Analysis of Children's Health Insurance Patterns: Findings from the SIPP. C. Estimates of Health Insurance Coverage

05/12/1999

Table 2 reports estimates of the health insurance coverage of children under 19 in each of the first three waves of the 1992 SIPP panel. These results are based on the full panel sample--that is, sample members who were present for the duration of the panel or until such time as they left the SIPP universe. Results are presented for the one month that was common to the reference periods of all four rotation groups in each interview wave--that is, January 1992 for wave 1, May 1992 for wave 2, and September 1992 for wave 3. Presenting Table 2 allows us to introduce the 13 categories of health insurance coverage that we identified with the SIPP variables and to show what change in the distribution of coverage may have occurred between the beginning of the 1992 and the eve of FY93, which along with FY94 is the focal period for the rest of this report.

The upper panel of Table 2 presents estimates of the number of children in each of the 13 coverage categories while the lower panel gives the percentage distribution for all children in each year. Given that the number of children represented by the panel declines over time while the total population of children rises, the percentage distributions provide greater comparability over time and may apply nearly as well to the full population as to the population that the panel actually represents in each month.

Source of Coverage   Wave 1
Jan-92
Wave 2
May-92
Wave 3
Sep-92
TABLE 2: ESTIMATES OF HEALTH INSURANCE COVERAGE OF CHILDREN UNDER 19: FIRST THREE WAVES OF 1992 SIPP PANEL
  TOTAL 72,103,000 71,566,000 71,432,000
1 Medicaid 11,618,000 12,231,000 12,390,000
2 Medicare 0 0 0
Current Employer        
3 Paying All or Part of Cost 39,749,000 39,150,000 39,252,000
4 Paying None of Cost 1,435,000 1,140,000 1,261,000
Former Employer        
5 Paying All or Part 838,000 701,000 744,000
6 Paying None of Cost 329,000 255,000 242,000
7 CHAMPUS 546,000 491,000 452,000
8 CHAMPVA 40,000 33,000 89,000
9 Military 1,140,000 1,091,000 946,000
10 Other 3,120,000 3,128,000 2,938,000
11 Provided by Someone outside the Household 3,197,000 3,044,000 2,837,000
12 Details Unknown 181,000 695,000 483,000
13 Uninsured 9,910,000 9,605,000 9,800,000
  TOTAL 100 100 100
1 Medicaid 16.1 17.1 17.3
2 Medicare 0 0 0
Current Employer        
3 Paying All or Part of Cost 55.1 54.7 55
4 Paying None of Cost 2 1.6 1.8
Former Employer        
5 Paying All or Part 1.2 1 1
6 Paying None of Cost 0.5 0.4 0.3
7 CHAMPUS 0.8 0.7 0.6
8 CHAMPVA 0.1 0 0.1
9 Military 1.6 1.5 1.3
10 Other 4.3 4.4 4.1
         
11 Provided by someone outside the Household 4.4 4.3 4
12 Details Unknown 0.3 1 0.7
13 Uninsured 13.7 13.4 13.7
SOURCE: Survey of Income and Program Participation, 1992 Panel.
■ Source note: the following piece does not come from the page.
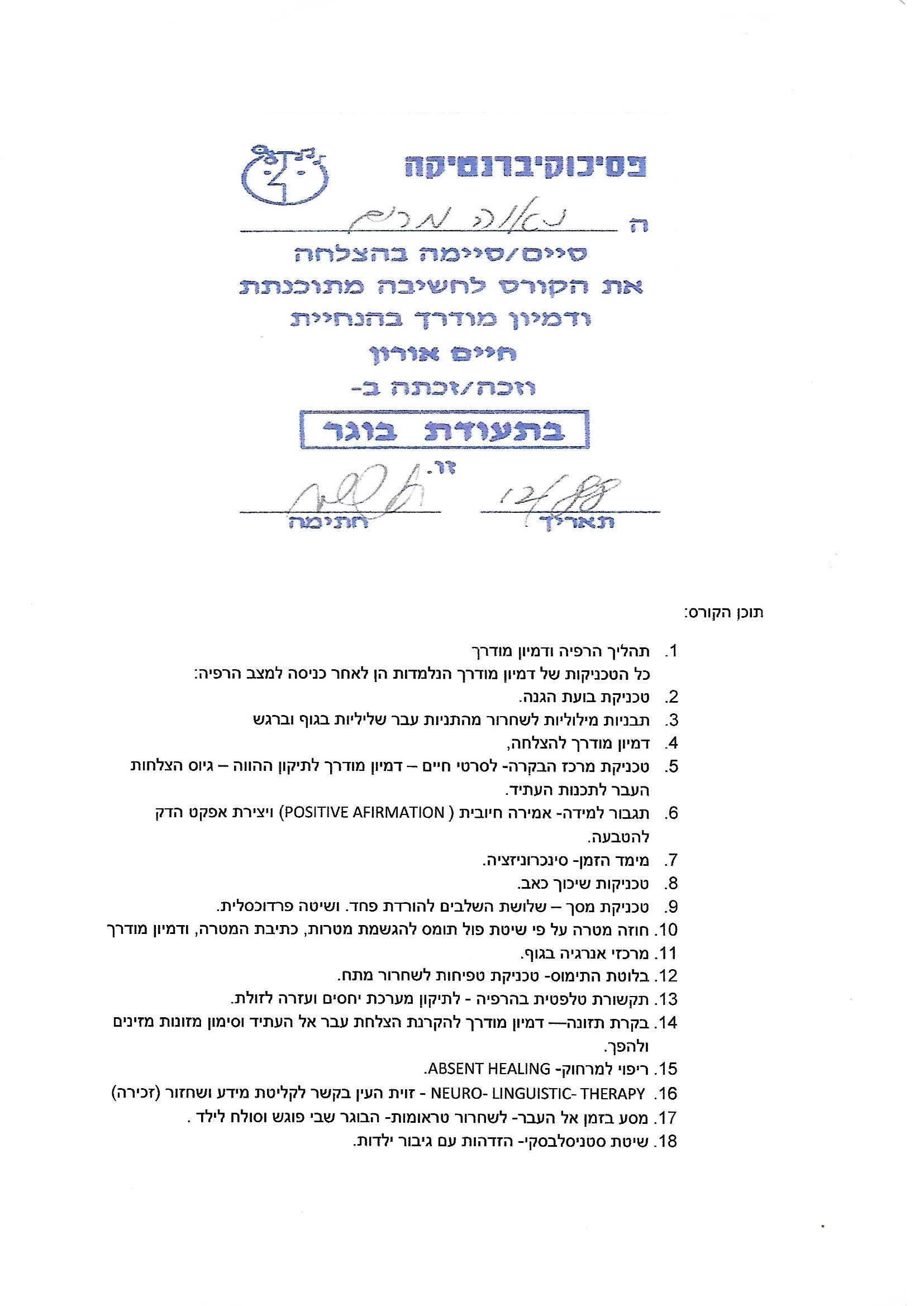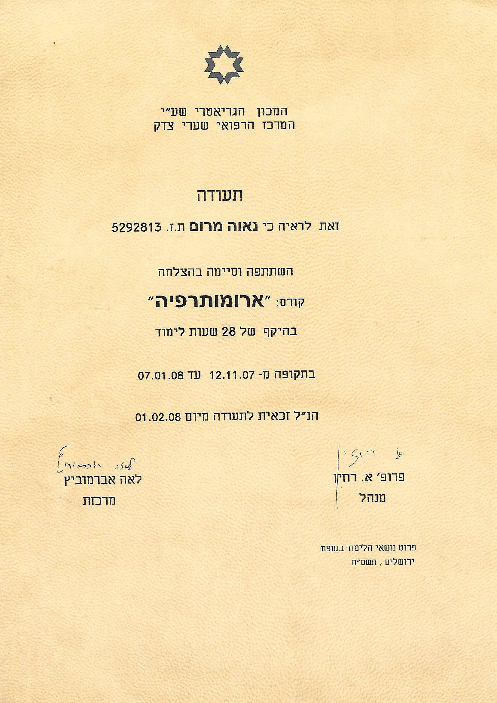 ۞ העברתי שתי קבוצות טיפוליות ייחודיות מבוססות ידע נשימתי וNLP בעבודתי כמרפאה בעיסוק בשיקום אורתופדי נוירולוגי ונשימתי בבי"ח הרצפלד:

The first two sources of coverage, Medicaid and Medicare, require no explanation. Categories 3 through 6 refer to the current or former employer of a child’s parent or guardian, generally, although an older teen could have reported coverage by his or her own employer. Category 3, which accounts for 55 percent of children in each wave, refers to an employer- or union-sponsored plan with the employer or union paying all or part of the cost of the premiums. Category 4, which accounts for 2 percent or less of children, includes plans that the employer or union offers with no subsidization. Category 5 involves coverage that a former employer continues to subsidize while category 6, representing no more than half a percent of all children, is coverage associated with a former employer but with no (further) employer subsidy. Coverage obtained under COBRA would appear to fall in category 6, although the questions on which this category is based could easily lead COBRA participants to report their coverage elsewhere. Categories 7 through 9 refer to coverage provided by CHAMPUS, CHAMPVA, or the military. Category 10 refers to a source of coverage other than 1 through 9. This may include a state-only plan or coverage purchased in the private insurance market. Category 11 is coverage provided by someone living outside the child’s household--typically a divorced or absent parent. SIPP tells us nothing about the source of the coverage because the person in whose name the coverage is held is not interviewed, but we can infer that this coverage would be assigned to one of categories 3 through 10.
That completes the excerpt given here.